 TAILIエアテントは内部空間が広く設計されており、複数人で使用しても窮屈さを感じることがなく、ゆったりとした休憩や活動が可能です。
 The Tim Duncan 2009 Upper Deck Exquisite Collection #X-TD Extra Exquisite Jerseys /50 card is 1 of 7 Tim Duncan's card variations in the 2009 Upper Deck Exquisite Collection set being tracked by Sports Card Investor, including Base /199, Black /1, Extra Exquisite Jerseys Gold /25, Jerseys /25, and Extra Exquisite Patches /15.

◆ ◆ ◆ ◆

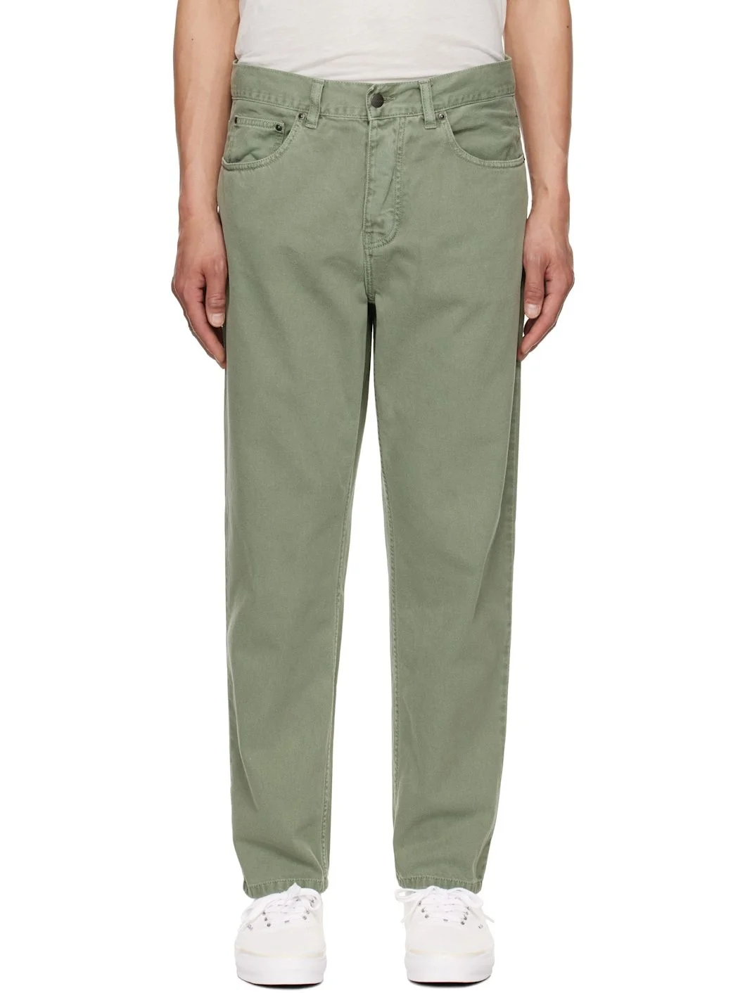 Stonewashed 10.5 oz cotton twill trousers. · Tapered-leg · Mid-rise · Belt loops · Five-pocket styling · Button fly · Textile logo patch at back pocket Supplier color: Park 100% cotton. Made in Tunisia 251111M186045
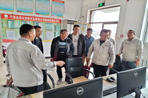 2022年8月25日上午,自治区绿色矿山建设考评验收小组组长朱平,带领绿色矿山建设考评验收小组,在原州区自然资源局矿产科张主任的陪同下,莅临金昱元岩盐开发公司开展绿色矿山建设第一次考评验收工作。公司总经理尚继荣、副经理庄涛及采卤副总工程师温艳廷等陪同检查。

◆ ◆ ◆ ◆

* Try it:
Reproduce exactly the entries above, limited to the lines from the one with "TAILIエアテントは内部空" through the one with "The Tim Duncan", both included.

* Solution for this task:
 TAILIエアテントは内部空間が広く設計されており、複数人で使用しても窮屈さを感じることがなく、ゆったりとした休憩や活動が可能です。
 The Tim Duncan 2009 Upper Deck Exquisite Collection #X-TD Extra Exquisite Jerseys /50 card is 1 of 7 Tim Duncan's card variations in the 2009 Upper Deck Exquisite Collection set being tracked by Sports Card Investor, including Base /199, Black /1, Extra Exquisite Jerseys Gold /25, Jerseys /25, and Extra Exquisite Patches /15.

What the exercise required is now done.